◆ Data for processing:
┄┄┄┄┄┄┄┄┄┄

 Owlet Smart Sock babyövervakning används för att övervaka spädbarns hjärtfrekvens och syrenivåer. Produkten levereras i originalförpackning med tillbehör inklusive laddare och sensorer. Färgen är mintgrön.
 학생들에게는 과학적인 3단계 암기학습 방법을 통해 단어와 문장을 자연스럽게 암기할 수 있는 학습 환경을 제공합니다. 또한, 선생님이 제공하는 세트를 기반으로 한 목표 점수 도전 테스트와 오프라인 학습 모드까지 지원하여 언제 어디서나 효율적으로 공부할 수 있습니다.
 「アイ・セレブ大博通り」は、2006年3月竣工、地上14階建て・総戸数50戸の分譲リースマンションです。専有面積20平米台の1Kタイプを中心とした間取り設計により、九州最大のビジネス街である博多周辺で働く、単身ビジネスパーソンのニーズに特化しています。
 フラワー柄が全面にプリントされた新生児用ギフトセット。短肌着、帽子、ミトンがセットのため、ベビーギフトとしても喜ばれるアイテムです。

┄┄┄┄┄┄┄┄┄┄

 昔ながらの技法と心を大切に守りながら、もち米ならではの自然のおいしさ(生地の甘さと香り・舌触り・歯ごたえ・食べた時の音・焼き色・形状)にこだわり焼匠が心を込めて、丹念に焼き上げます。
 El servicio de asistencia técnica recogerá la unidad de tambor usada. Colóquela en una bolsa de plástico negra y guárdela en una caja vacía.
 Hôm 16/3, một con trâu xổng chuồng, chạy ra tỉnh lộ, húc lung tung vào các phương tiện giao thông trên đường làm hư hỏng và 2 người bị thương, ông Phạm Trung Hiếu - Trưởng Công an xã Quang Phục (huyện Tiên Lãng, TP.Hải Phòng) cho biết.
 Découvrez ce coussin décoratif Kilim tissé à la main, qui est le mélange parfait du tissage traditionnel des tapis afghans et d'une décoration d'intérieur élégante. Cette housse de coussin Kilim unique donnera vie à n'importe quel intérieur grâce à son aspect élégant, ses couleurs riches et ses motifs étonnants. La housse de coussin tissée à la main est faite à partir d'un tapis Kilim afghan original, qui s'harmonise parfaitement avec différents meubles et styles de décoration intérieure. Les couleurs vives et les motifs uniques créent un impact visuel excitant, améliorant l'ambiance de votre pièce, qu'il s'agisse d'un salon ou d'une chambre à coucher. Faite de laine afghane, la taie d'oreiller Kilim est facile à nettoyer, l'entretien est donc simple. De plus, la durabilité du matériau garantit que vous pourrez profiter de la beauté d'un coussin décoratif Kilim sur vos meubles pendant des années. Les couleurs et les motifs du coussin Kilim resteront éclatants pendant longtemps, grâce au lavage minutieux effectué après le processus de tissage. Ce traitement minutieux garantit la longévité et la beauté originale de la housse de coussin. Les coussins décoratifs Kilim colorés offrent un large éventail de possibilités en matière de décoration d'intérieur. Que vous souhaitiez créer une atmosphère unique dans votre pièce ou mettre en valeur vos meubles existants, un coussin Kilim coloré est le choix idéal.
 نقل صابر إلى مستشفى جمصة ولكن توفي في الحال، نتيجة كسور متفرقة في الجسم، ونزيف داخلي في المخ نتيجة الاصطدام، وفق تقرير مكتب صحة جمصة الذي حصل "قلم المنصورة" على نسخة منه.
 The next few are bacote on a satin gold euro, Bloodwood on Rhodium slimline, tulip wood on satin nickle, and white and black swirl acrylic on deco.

┄┄┄┄┄┄┄┄┄┄

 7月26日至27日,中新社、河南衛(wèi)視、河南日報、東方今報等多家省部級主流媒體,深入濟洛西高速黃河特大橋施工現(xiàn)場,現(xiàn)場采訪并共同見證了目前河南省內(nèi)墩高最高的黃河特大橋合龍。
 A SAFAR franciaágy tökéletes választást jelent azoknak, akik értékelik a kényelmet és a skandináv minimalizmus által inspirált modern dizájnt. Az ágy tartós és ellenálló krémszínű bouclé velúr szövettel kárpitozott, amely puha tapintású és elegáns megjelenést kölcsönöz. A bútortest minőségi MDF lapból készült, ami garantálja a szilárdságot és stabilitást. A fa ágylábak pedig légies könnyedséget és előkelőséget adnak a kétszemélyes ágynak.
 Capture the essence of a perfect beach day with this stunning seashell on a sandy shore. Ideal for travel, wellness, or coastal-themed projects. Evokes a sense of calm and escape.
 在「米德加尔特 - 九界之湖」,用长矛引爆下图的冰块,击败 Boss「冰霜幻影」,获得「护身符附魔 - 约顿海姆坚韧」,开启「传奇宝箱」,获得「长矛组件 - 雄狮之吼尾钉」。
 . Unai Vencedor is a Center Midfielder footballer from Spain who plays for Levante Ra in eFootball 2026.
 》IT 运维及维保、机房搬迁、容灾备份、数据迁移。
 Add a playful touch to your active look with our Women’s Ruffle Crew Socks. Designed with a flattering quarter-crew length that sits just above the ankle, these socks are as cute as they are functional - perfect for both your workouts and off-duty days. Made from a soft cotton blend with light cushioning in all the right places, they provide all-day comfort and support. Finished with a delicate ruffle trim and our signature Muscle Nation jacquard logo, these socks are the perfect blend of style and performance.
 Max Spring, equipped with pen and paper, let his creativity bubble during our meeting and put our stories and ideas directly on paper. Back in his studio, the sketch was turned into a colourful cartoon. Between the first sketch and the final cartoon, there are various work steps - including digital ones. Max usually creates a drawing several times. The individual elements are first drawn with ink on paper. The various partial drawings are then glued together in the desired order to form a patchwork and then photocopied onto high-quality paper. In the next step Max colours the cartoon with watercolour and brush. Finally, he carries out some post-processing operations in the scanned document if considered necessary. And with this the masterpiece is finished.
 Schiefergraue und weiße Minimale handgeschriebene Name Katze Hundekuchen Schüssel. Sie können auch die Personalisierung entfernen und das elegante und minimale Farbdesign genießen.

┄┄┄┄┄┄┄┄┄┄

Out of the data above, set down the lines from the one with "Owlet Smart Sock" to the one with "フラワー柄が全面にプリントさ", both included, exactly as written and with no additions.

 Owlet Smart Sock babyövervakning används för att övervaka spädbarns hjärtfrekvens och syrenivåer. Produkten levereras i originalförpackning med tillbehör inklusive laddare och sensorer. Färgen är mintgrön.
 학생들에게는 과학적인 3단계 암기학습 방법을 통해 단어와 문장을 자연스럽게 암기할 수 있는 학습 환경을 제공합니다. 또한, 선생님이 제공하는 세트를 기반으로 한 목표 점수 도전 테스트와 오프라인 학습 모드까지 지원하여 언제 어디서나 효율적으로 공부할 수 있습니다.
 「アイ・セレブ大博通り」は、2006年3月竣工、地上14階建て・総戸数50戸の分譲リースマンションです。専有面積20平米台の1Kタイプを中心とした間取り設計により、九州最大のビジネス街である博多周辺で働く、単身ビジネスパーソンのニーズに特化しています。
 フラワー柄が全面にプリントされた新生児用ギフトセット。短肌着、帽子、ミトンがセットのため、ベビーギフトとしても喜ばれるアイテムです。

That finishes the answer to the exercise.